Edit: Updated with expected output and explanations
I have a table 'Table1' as:
Fruit Site Feature1 Feature2 Feature3
Apple Sydney A1 B1 C1
Banana Sydney A1 B1 C1
Cherry Sydney A1 B2 C1
Durian Melbourne A1 B1 C2
Grape Melbourne A2 B2 C2
Another table, 'Table2' as:
Order Site Feature1 Feature2 Feature3
XX Sydney A2 B1 C1
XY Sydney A1 B1 C1
XZ Sydney A1 B1 C2
YY Melbourne A1 B1 C1
YZ Melbourne A1 B1 C1
ZZ Melbourne A2 B1 C1
Table2 has more rows than Table1. Features and Orders have text values.
I am trying to do the following:
For each fruit and at the same site, find the order with the most number of matches across Feature1,Feature2,Feature3
. Here, a high number matches is (for example) the same values for all three features. A lower match is if there is only same values for only two features.
So starting with the first fruit, search for order (at the same site) which has most number of matches, then go to next fruit, and only look for orders which are left after the first match.
Expected Output
Fruit Order Matches
Apple XY 3
Banana XX 2
Cherry XZ 1
Durian YY 2
Grape ZZ 1
Apple has Order XY because it has the most number of matches. With Order XY already matched, the best match for Banana is Order XX. Even though Order XX and XZ have same number of matches with Banana, the earlier order is preferred.
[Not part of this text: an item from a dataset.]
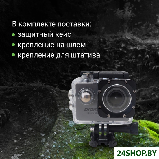 - Комплект поставки: - Экшн-камера DiCam 180- Водонепроницаемый бокс- Основное крепление- Крепление на руль велосипеда- Крепление на шлем- Адаптер-переходник- Адаптер на резьбу- Рамка- Повязка-бандаж- Батарея- USB-кабель- Двусторонний скотч- Руководство пользователя
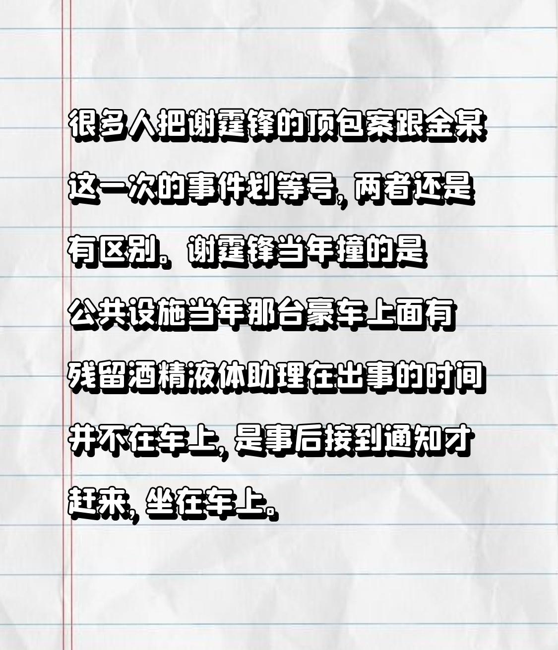很多人把谢霆锋的顶包案跟金某这一次的事件划等号,两者还是有区别。 1.谢霆锋当年撞的是公共设施 2.当年那台豪车上面有残留酒精液体 3.助理在出事的时间并不在车上,是事后接到通知才赶来,坐在车上。 这3点就可以看得出来 金某的顶包和谢有明显区别,若要说宽容,当年香港对谢霆锋确实很宽容。

For example, Durian was matched to order YY and not order YZ, even though they have same number of matches.
If a fruit has no matches, it won't be included in the output.
My plan was to use merge on site, so we see all orders for a fruit at the same site, and then select the one with highest matches. However, I don't know how I will make sure that the matched order does not show up for the rest of the fruits.
How can I solve this?
CodePudding user response:
This is a perfect use case for melt
as starting point before merge
your two dataframes. melt
flat your value columns (FeatureX
). After merging, you have two columns values_x
(features from df1) and values_y
(features from df2) you need to compare.
Now, with query
, keep rows where this 2 columns are equals. Then, use value_counts
on (Fruit, Order)
columns then reformat the dataframe with rename
and reset_index
. Finally, drop_duplicates
on Fruit
column to keep the first count, the highest value because the Matches
column is already sorted.
You can execute this one-line step by step to see the transformation of the dataframe:
out = pd.merge(df1.melt(['Fruit', 'Site']),
df2.melt(['Order', 'Site']),
on=['Site', 'variable']) \
.query('value_x == value_y') \
.value_counts(['Fruit', 'Order']) \
.rename('Matches') \
.reset_index() \
.drop_duplicates('Fruit')
Final output:
>>> out
Fruit Order Matches
0 Apple XY 3
1 Banana XY 3
6 Cherry XY 2
7 Durian YY 2
12 Grape ZZ 1
Note: check carefully my result because it's not equal to your output.
CodePudding user response:
One way you can do this is to group by "Fruit" and "Site" by setting them as the index and then finding the number of unique values in each row
>>> import pandas as pd
>>> df = pd.DataFrame(
... {
... "Fruit": ["Apple", "Banana", "Grape"],
... "Site": ["Sydney", "Melbourne", "Melbourne"],
... "Feature1": [1, 2, 3],
... "Feature2": [1, 1, 1],
... "Feature3": [1, 3, 3],
... }
... )
>>>
>>> df = df.set_index(['Fruit', 'Site'])
>>>
>>> df.loc[df.nunique(axis=1) == 1, 'Order'] = 1
>>> df.loc[df.nunique(axis=1) > 1, 'Order'] = 2
>>>
>>> df
Feature1 Feature2 Feature3 Order
Fruit Site
Apple Sydney 1 1 1 1.0
Banana Melbourne 2 1 3 2.0
Grape Melbourne 3 1 3 2.0
>>>
>>> # If you just want the counts
>>>
>>> df['Order2'] = df.nunique(axis=1)
>>> df
Feature1 Feature2 Feature3 Order Order2
Fruit Site
Apple Sydney 1 1 1 1.0 1
Banana Melbourne 2 1 3 2.0 3
Grape Melbourne 3 1 3 2.0 3
Update:
You changed the question after I provided this answer. Your question is completely different now.